Three-Part Trust Disbursements
The trusts for the benefit of children that I generally draft have the trustee being able to support a child with income and principal at the trustee’s discretion (so that the child does not feel entitled to unearned funds at an early age). There is a three-part disbursement to the child, made at ages 28, 31 and 35. This permits the child to learn how to appropriately handle money gradually, starting at more mature ages than 18 or 21.
Life Insurance to Secure Alimony Payments
Life insurance can also be used to secure alimony payments in the event of the death of the payor spouse. Even though alimony per se will end at the death of the payor spouse, the payee spouse can receive a substitute for the alimony payments he/she would have received by means of the life insurance proceeds. This is often crucial support for the surviving ex-spouse. These policies can be paid to a trust (revocable or irrevocable) as with the trusts for the benefit of children.

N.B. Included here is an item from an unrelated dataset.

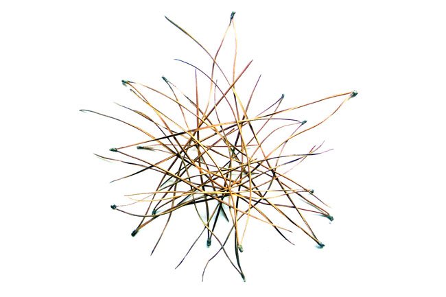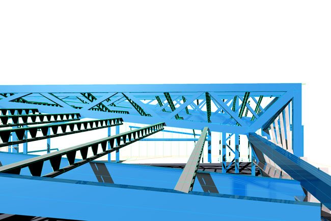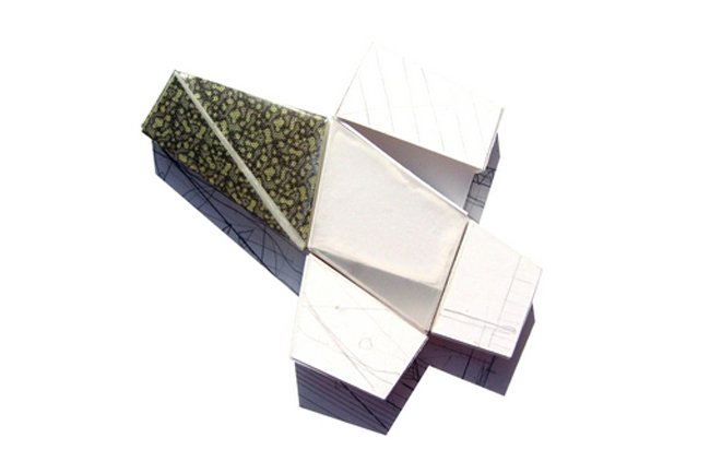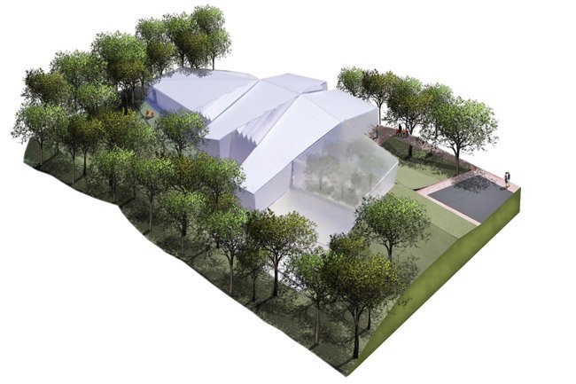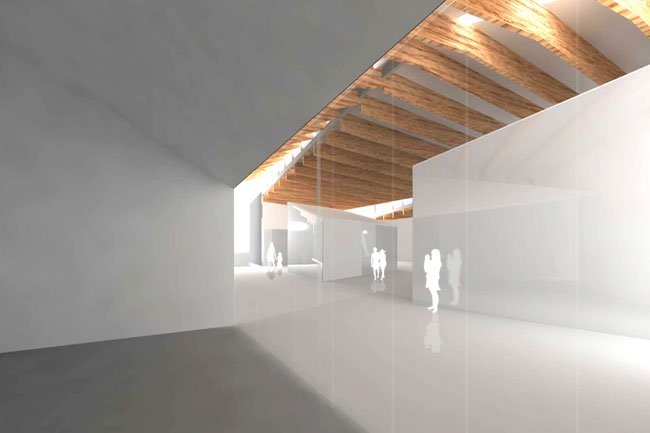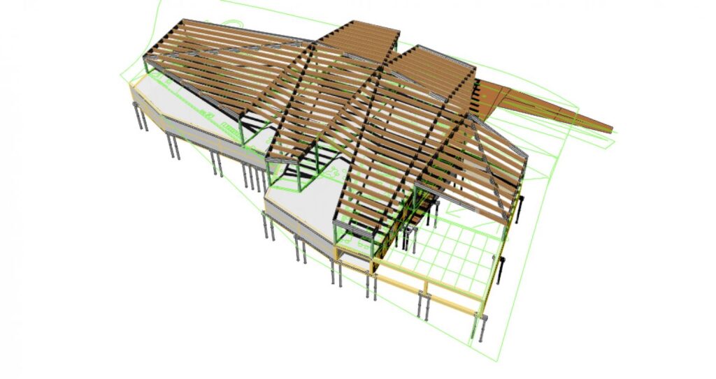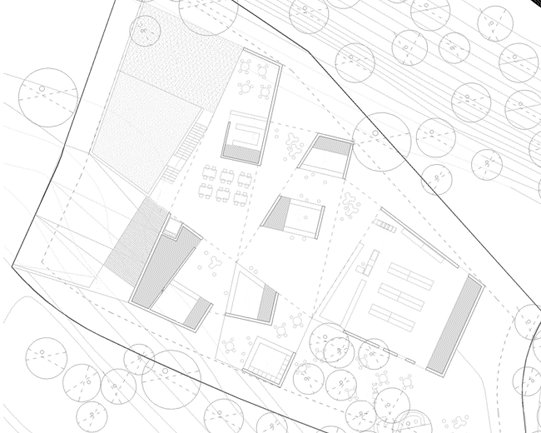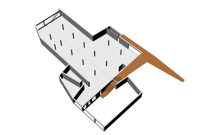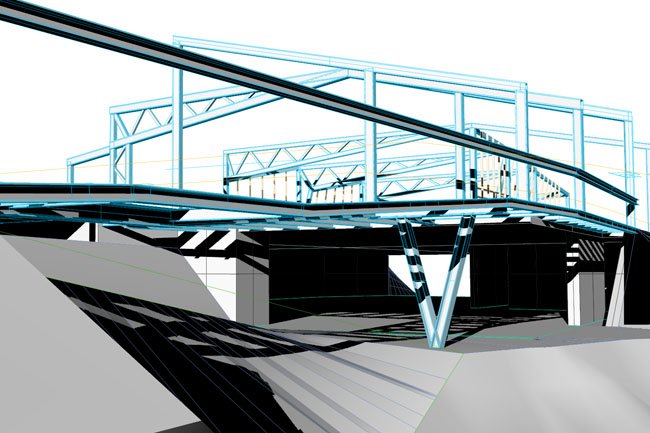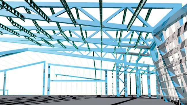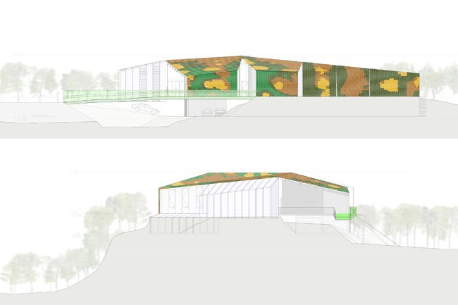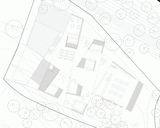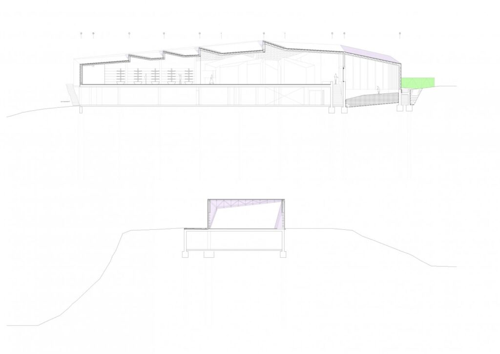 Los dibujos previos «in situ» de hojas de pino construyen tanto la planta como su sistema estructural. La estrategia es clara, pasar de un borde a otro de la manera más liviana posible generando un paisaje interior más propio de los mercados de abastos que del «mall» americano. Así forma su cuerpo.

Vital Provisions for Separation Agreements
The insurance provision of a Separation Agreement should specifically provide for a number of things. The Agreement should state that if the payor spouse does not leave the insurance policy proceeds required, whatever is missing will be a claim against the payor spouse’s estate (as well as any other remedy provided at law, such as equitable claims and trustee actions) and that the estate must pay any attorney’s costs incurred in enforcing this provision. A claim for missing proceeds of an insurance policy can be made against the estate, or as an equitable claim against the party (often a new spouse) named as beneficiary of the life insurance proceeds, in contravention of the separation agreement. See Foster v. Hurley, 444 Mass. 157 (2005). The Separation Agreement should specify that if subsequent life insurance policies are purchased, they shall be deemed to be intended for the benefit of the payees under the current Separation Agreement to the extent of the support amounts or policy face amounts required under the agreement. This means that the prior obligation cannot be circumvented by buying new policies and canceling the old one. In order to prevent changes in beneficiary designations and insurance policy amounts, the payor spouse should be required under the agreement to give the other party yearly proof of insurance coverage.
Should the Recipient Ex-Spouse or Trust Own the Policy?

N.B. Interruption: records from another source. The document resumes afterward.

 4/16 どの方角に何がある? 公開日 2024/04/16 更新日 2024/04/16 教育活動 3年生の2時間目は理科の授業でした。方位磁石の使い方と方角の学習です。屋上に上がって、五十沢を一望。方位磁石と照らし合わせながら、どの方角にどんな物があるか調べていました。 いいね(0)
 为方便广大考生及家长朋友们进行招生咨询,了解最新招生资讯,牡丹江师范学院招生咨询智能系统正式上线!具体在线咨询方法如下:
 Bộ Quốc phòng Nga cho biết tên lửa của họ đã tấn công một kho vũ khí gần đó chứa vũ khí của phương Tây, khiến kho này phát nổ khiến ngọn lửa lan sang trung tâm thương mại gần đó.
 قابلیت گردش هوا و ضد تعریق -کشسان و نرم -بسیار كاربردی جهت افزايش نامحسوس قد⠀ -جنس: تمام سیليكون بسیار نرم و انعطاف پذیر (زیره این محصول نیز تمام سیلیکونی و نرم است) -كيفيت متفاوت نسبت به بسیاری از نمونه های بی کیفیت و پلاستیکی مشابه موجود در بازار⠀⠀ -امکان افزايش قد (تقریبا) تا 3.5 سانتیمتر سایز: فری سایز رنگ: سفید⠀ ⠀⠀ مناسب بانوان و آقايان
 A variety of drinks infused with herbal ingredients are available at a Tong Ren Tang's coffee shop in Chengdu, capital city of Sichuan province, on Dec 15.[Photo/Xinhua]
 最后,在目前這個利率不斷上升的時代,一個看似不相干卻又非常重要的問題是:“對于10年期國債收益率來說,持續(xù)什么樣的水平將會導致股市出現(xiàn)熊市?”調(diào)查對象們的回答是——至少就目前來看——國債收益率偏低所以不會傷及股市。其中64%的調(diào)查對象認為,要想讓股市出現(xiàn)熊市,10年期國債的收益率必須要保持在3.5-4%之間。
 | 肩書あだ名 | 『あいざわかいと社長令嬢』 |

One way to eliminate the problem of a payor spouse changing the beneficiary designation of a life insurance policy is to have the recipient (the ex-spouse, or trust for the benefit of children) own the policy. The payor spouse would be the “insured”, but the owner of the policy would have the right to change (or not change) beneficiaries. The question of who pays for the policy premiums could be an issue addressed in the Separation Agreement. The downside of having the payee own the policy, is that it does not necessarily address the issue of scaling down the amount to be paid for support as the child approaches emancipation. The scale-down of proceeds could still apply in the hands of the owner, with the excess required to be paid to the payor spouse’s estate. The Separation Agreement could require the policy to be transferred back to the ownership of the payor spouse if he or she lives after his/her obligation to support terminates.
Providing for support obligations through life insurance is an excellent way of securing the obligations of a payor spouse in a divorce, and great care should be giving the life insurance provision in a Separation Agreement.